Fortunately, the rest of the night was uneventful except for the occasional wind-blown drizzle or refreshing ocean spritz in the face. We did not wake to the sunrise we were hoping for, as a cloud front blanketed the ocean, but the view was still exceptional as we packed up camp and said goodbye to our kitten campmates. Getting an on-time departure was much easier with the natural light to spur us on and no comforts of home to cause us to linger.
We were on our way by 8 am and logged the 15 km to Fengbin (豐濱) in little time and, thankfully, little wind.

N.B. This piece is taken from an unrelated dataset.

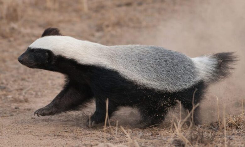 हनी बैजर भारत में बहुत ही सीमित क्षेत्रों में पाया जाता है, और इसे दुर्लभ प्रजातियों में गिना जाता है. यह अपनी असाधारण बहादुरी, आक्रामक स्वभाव और मजबूत त्वचा के लिए जाना जाता है. मधुमक्खियों के छत्तों से शहद निकालकर खाने की आदत के कारण इसे हनी बैजर कहा जाता है. गौरतलब है कि हनी बैजर, बड़े शिकारी जानवरों की तुलना में अपेक्षाकृत छोटा होने के बावजूद, हनी बैजर लड़ाई से पीछे नहीं हटता, यहाँ तक कि अपने से कई गुना बड़े जानवरों से भी. शेर, लकड़बग्घे और यहाँ तक कि ज़हरीले साँप भी हनी बैजर के दृढ़ रवैये और प्रभावशाली जीवन रक्षा कौशल के कारण उससे दूर भाग जाते हैं.

Once there, we wolfed down some tasty danbing (蛋餅 – savory scallion egg pancake) to start our morning. We topped off our sports drink and snack supply after a strange conversation/lecture from a portly smoker who, among many things, performed tai chi for us to demonstrate that he was in better shape than cyclists.

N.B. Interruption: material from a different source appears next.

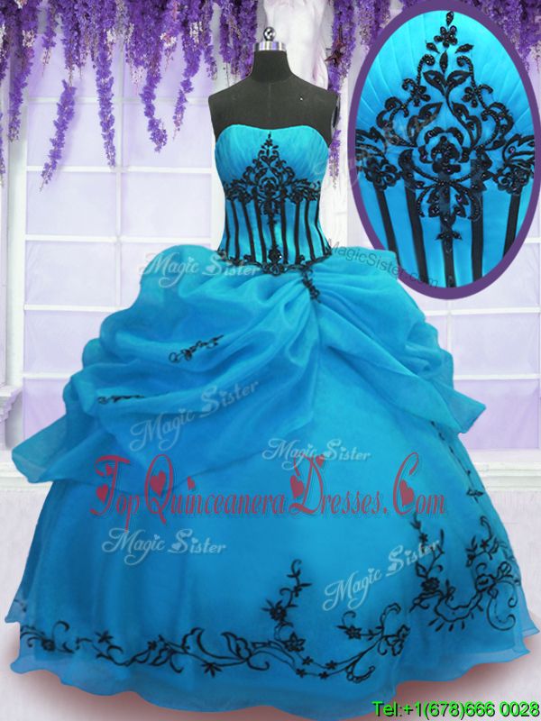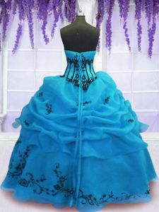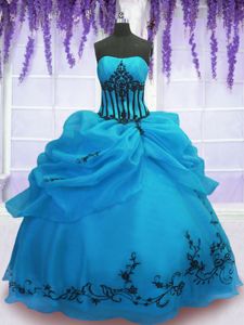 Blue Ball Gowns Embroidery Sweet 16 Dresses Lace Up Organza Sleeveless Floor Length

After a few more beautiful ocean views, the road turned upward and inward for some lush jungle climbing. Even away from the seashore and breezes, the heat was not really a problem and we made steady progress up to an amazing viewpoint just before a tunnel (and the actual official overlook on the other side).
Then it was down the first of the trip’s many giggle-inducing descents, followed by a bit more up, some more down along the coast, through a series of tunnels where we saw a group of bikers churning uphill in the other direction (ouch), and then on to the flats for the final 20 km of the day. Making good time, we spun past theme parks and along riverside bike paths into the city.

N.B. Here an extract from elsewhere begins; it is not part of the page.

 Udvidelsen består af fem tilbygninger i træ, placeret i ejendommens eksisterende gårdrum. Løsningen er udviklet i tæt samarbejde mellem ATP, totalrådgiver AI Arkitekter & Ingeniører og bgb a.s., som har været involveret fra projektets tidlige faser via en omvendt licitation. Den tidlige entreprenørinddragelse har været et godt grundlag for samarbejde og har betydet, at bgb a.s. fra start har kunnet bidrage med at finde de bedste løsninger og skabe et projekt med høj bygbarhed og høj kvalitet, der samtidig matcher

With snacks out of the way, we headed to our homestay. For a similar price to the previous night’s campground, we had a spacious and clean modern room, koi pond, and a washing machine (already much-needed). We felt bad dragging our stinky and dusty bikes (and selves) inside, but the host graciously welcomed us in to relax.
Long warm showers and purple velvet furniture allowed us to lounge comfortably and plan next day’s route to Taipei. We considered combining a train from Hualien and short ride to Jiaosi with the big vertical climb into Taipei into a single day, as well as skirting around the northern coast via Fulong and Tamsui. We eventually decided to play it by the book: tomorrow, we would take the short train ride from Hualien to Su’aoxin followed by a quick spin into Jiaosi, then make the climb to Taipei the following day.
Plan settled, we set out on foot to secure train tickets for us and our bikes (which require an additional half-price ticket each), and to locate some of Hualien’s vegetarian cuisine, which is notable and widely available due to the large local Buddhist population. The train tickets were easily obtained, so easily in fact that having listened to each half of the conversation, I realized that even I might have been able to accomplish it with my rudimentary language skills. Tickets in hand, bellies full, we returned to our homestay and did a quick load of laundry (Emerson)/passed out (Teresa, later also Emerson).